═════ Data listing ═════

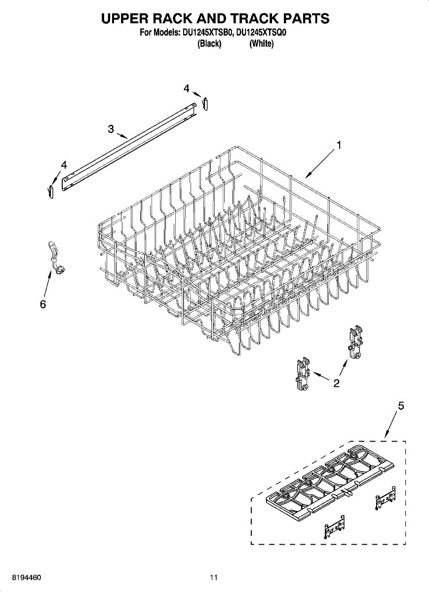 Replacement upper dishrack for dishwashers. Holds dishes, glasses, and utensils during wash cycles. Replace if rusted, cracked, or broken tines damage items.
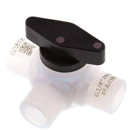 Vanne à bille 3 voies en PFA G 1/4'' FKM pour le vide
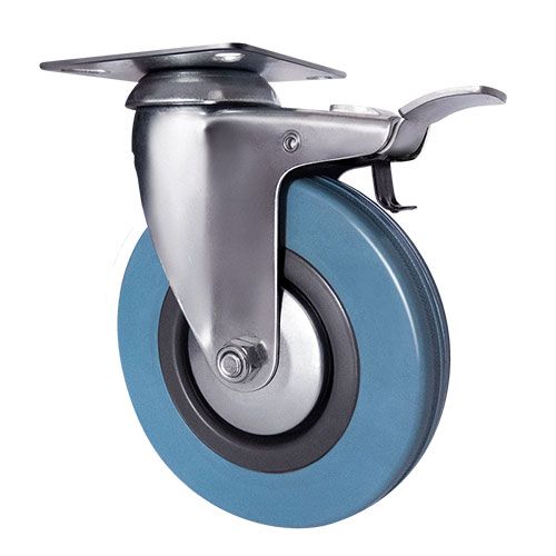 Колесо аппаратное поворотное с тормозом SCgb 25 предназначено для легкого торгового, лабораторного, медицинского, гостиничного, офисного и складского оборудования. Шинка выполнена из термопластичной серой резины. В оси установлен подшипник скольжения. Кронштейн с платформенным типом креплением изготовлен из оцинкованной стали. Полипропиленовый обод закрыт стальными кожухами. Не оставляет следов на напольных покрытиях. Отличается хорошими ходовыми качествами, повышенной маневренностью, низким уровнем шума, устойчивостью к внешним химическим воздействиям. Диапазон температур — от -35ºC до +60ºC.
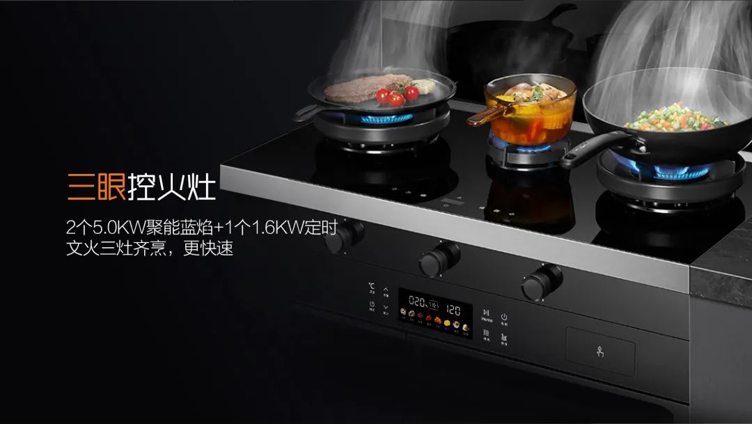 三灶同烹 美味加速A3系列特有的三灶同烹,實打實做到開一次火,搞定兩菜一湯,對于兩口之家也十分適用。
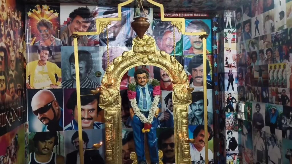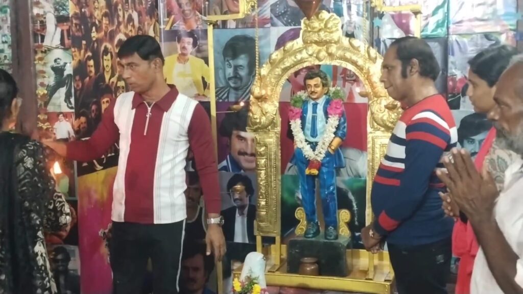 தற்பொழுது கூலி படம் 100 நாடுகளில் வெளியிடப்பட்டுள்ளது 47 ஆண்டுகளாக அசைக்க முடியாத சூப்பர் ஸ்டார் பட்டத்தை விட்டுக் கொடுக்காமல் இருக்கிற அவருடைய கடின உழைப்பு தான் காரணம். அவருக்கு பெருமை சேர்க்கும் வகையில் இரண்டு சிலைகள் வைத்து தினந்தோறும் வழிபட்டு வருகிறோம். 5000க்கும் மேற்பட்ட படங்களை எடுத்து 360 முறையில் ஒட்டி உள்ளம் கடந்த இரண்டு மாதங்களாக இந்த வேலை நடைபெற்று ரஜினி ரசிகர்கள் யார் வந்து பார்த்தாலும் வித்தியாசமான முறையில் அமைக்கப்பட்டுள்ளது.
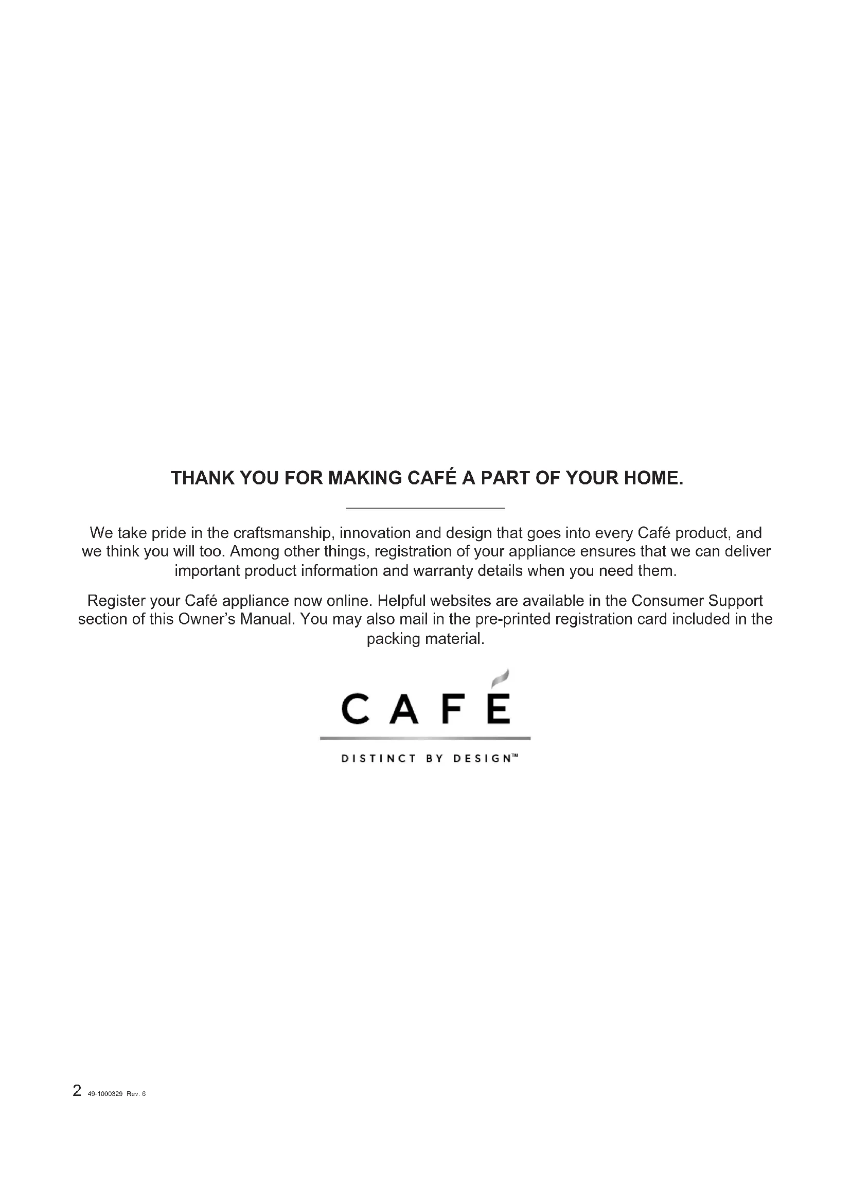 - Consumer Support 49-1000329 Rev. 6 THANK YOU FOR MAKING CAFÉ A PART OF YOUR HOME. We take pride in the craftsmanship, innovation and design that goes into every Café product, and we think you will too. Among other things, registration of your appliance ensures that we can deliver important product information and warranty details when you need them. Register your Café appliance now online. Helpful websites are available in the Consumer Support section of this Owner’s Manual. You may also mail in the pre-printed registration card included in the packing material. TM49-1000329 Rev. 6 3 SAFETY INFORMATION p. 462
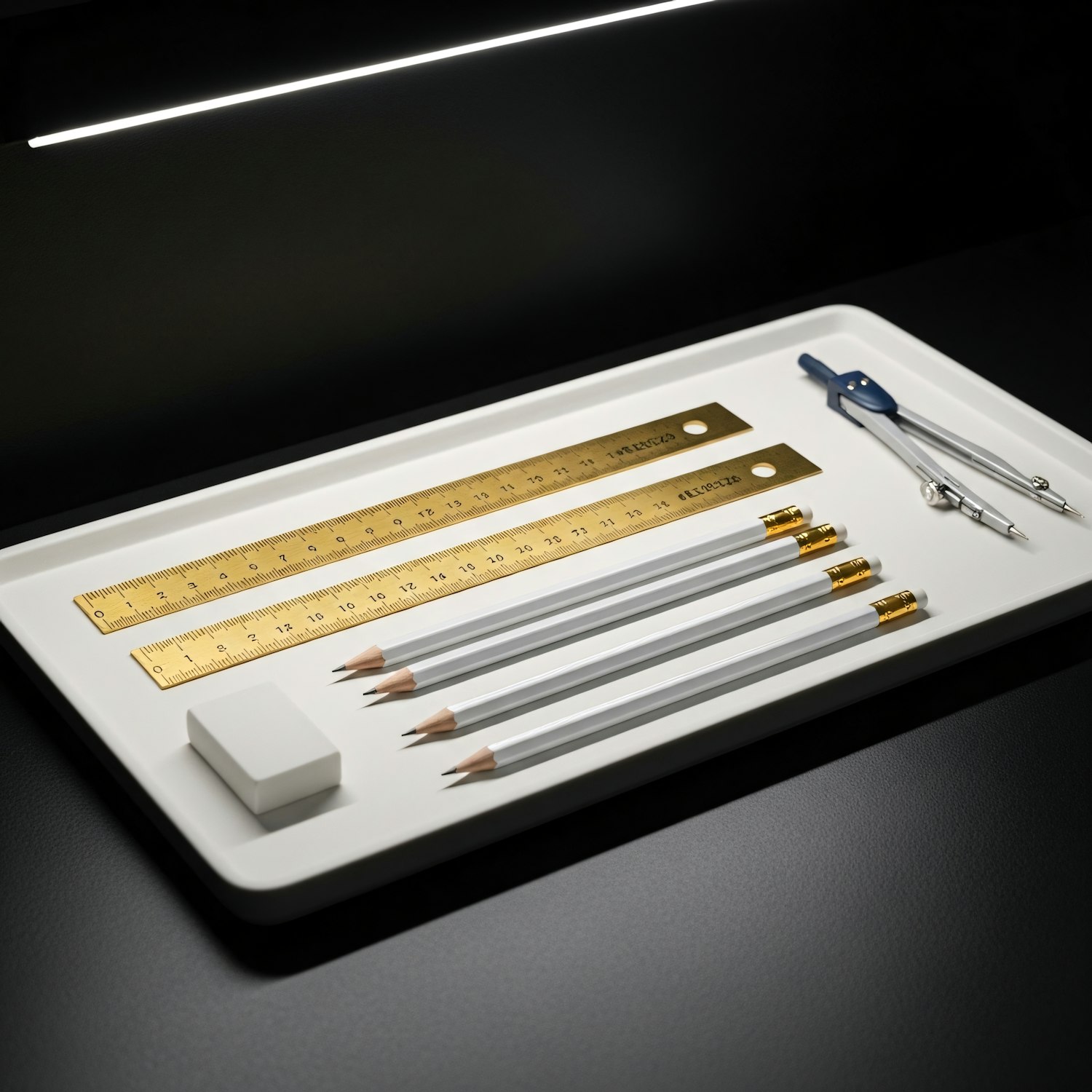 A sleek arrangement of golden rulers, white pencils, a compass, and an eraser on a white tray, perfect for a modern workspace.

═════

» **Work required**: Without any of its images, the data above should be returned exactly.

» **Response to this task**:
 Replacement upper dishrack for dishwashers. Holds dishes, glasses, and utensils during wash cycles. Replace if rusted, cracked, or broken tines damage items.
 Vanne à bille 3 voies en PFA G 1/4'' FKM pour le vide
 Колесо аппаратное поворотное с тормозом SCgb 25 предназначено для легкого торгового, лабораторного, медицинского, гостиничного, офисного и складского оборудования. Шинка выполнена из термопластичной серой резины. В оси установлен подшипник скольжения. Кронштейн с платформенным типом креплением изготовлен из оцинкованной стали. Полипропиленовый обод закрыт стальными кожухами. Не оставляет следов на напольных покрытиях. Отличается хорошими ходовыми качествами, повышенной маневренностью, низким уровнем шума, устойчивостью к внешним химическим воздействиям. Диапазон температур — от -35ºC до +60ºC.
 三灶同烹 美味加速A3系列特有的三灶同烹,實打實做到開一次火,搞定兩菜一湯,對于兩口之家也十分適用。
 தற்பொழுது கூலி படம் 100 நாடுகளில் வெளியிடப்பட்டுள்ளது 47 ஆண்டுகளாக அசைக்க முடியாத சூப்பர் ஸ்டார் பட்டத்தை விட்டுக் கொடுக்காமல் இருக்கிற அவருடைய கடின உழைப்பு தான் காரணம். அவருக்கு பெருமை சேர்க்கும் வகையில் இரண்டு சிலைகள் வைத்து தினந்தோறும் வழிபட்டு வருகிறோம். 5000க்கும் மேற்பட்ட படங்களை எடுத்து 360 முறையில் ஒட்டி உள்ளம் கடந்த இரண்டு மாதங்களாக இந்த வேலை நடைபெற்று ரஜினி ரசிகர்கள் யார் வந்து பார்த்தாலும் வித்தியாசமான முறையில் அமைக்கப்பட்டுள்ளது.
 - Consumer Support 49-1000329 Rev. 6 THANK YOU FOR MAKING CAFÉ A PART OF YOUR HOME. We take pride in the craftsmanship, innovation and design that goes into every Café product, and we think you will too. Among other things, registration of your appliance ensures that we can deliver important product information and warranty details when you need them. Register your Café appliance now online. Helpful websites are available in the Consumer Support section of this Owner’s Manual. You may also mail in the pre-printed registration card included in the packing material. TM49-1000329 Rev. 6 3 SAFETY INFORMATION p. 462
 A sleek arrangement of golden rulers, white pencils, a compass, and an eraser on a white tray, perfect for a modern workspace.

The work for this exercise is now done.